Was ist der Unterschied zwischen ASiG und ArbSchG?
Das ASiG ergänzt das Arbeitsschutzgesetz (ArbSchG), indem es festlegt, wer für die Umsetzung von Arbeitsschutzmaßnahmen im Betrieb zuständig ist, während das ArbSchG beschreibt, wie diese Maßnahmen durchgeführt werden müssen. Beide gelten ab dem ersten Beschäftigten und können bei Verstößen parallel geahndet werden.
Ab wann muss ein Arbeitsschutzausschuss gebildet werden?
Ab 20 Beschäftigten ist nach § 11 ASiG die Bildung eines ASA Pflicht. Er muss mindestens vierteljährlich tagen. Mitglieder sind Arbeitgeber oder Vertreter, Betriebsarzt, Sifa, Sicherheitsbeauftragte und Betriebsrat.
Darf die Sifa dem Arbeitgeber Anweisungen geben?
Nein. Sifa und Betriebsarzt handeln beratend, nicht weisungsbefugt. Sie tragen keine rechtliche Verantwortung für die Umsetzung der Schutzmaßnahmen. Die Beratung ist Pflicht – die Annahme der Beratung ist es nicht. Sifa und Betriebsarzt sind nach § 8 ASiG fachlich weisungsfrei und dürfen wegen ihrer Tätigkeit nicht benachteiligt werden.
Was ändert sich durch die Neufassung der DGUV Vorschrift 2 in 2025?
Die wichtigsten Änderungen: Kleinbetriebsgrenze auf 20 Beschäftigte angehoben (vorher 10); digitale Betreuung per Telefon/Video bis zu einem Drittel der Einsatzzeit erlaubt; einheitlicher 20-%-Mindestanteil je Profession (Betriebsarzt und Sifa); Sifa-Qualifikation für weitere Berufsgruppen geöffnet. Die meisten UV-Träger setzen die Neufassung zum 1. Januar 2026 in Kraft. → DGUV Vorschrift 2 im Detail
Kann ein Arbeitgeber Betriebsarzt und Sifa in einer Person vereinen?
Nein – beide Funktionen sind grundsätzlich getrennt. Ein Betriebsarzt kann nicht gleichzeitig als Sifa tätig sein, da beide Qualifikationen unterschiedliche Anforderungen haben und unterschiedliche Aufgaben erfüllen. Möglich ist hingegen, dass ein und dieselbe externe Dienstleistungsorganisation beide Funktionen übernimmt – jeweils durch qualifizierte Personen.

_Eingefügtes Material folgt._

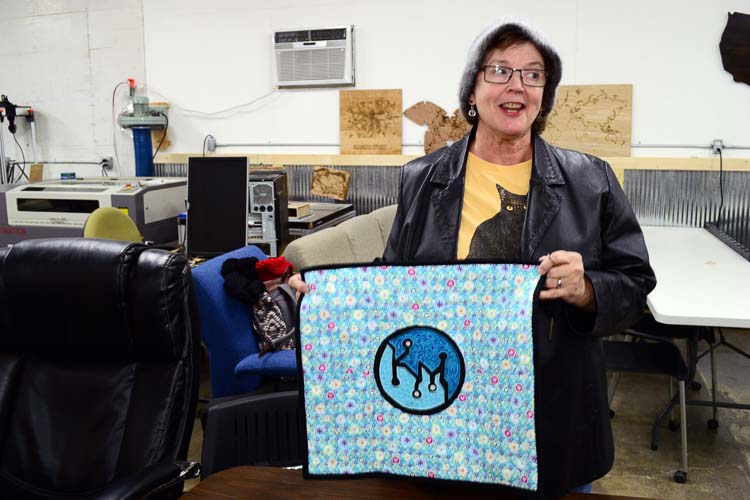 Next door is the crafting zone, where fiber arts such as quilting are practiced. Stacy Belinsky drops her experiment making snowflakes with a glue gun and nail polish to show what a square of quilt art on the wall can do. She manipulates it, and various lights shine.

Weiterführende Informationen
- ASiG im Wortlaut (gesetze-im-internet.de)
- DGUV Vorschrift 2 – Neufassung 2025 erklärt
- DGUV Vorschrift 1 – Grundsätze der Prävention (inkl. Sicherheitsbeauftragte)
- Gefährdungsbeurteilung nach § 5 ArbSchG
- Arbeitsschutzrecht in Deutschland: Das Gesamtsystem
- BAuA – Bundesanstalt für Arbeitsschutz und Arbeitsmedizin
Hinweis: Dieser Beitrag gibt den Stand des ASiG und der DGUV Vorschrift 2 (Neufassung 2025) wieder und dient der allgemeinen Information. Er ersetzt keine Rechtsberatung. Bei konkreten Fragen zu Bestellungspflichten und Einsatzzeiten empfiehlt sich die Rücksprache mit der zuständigen Berufsgenossenschaft.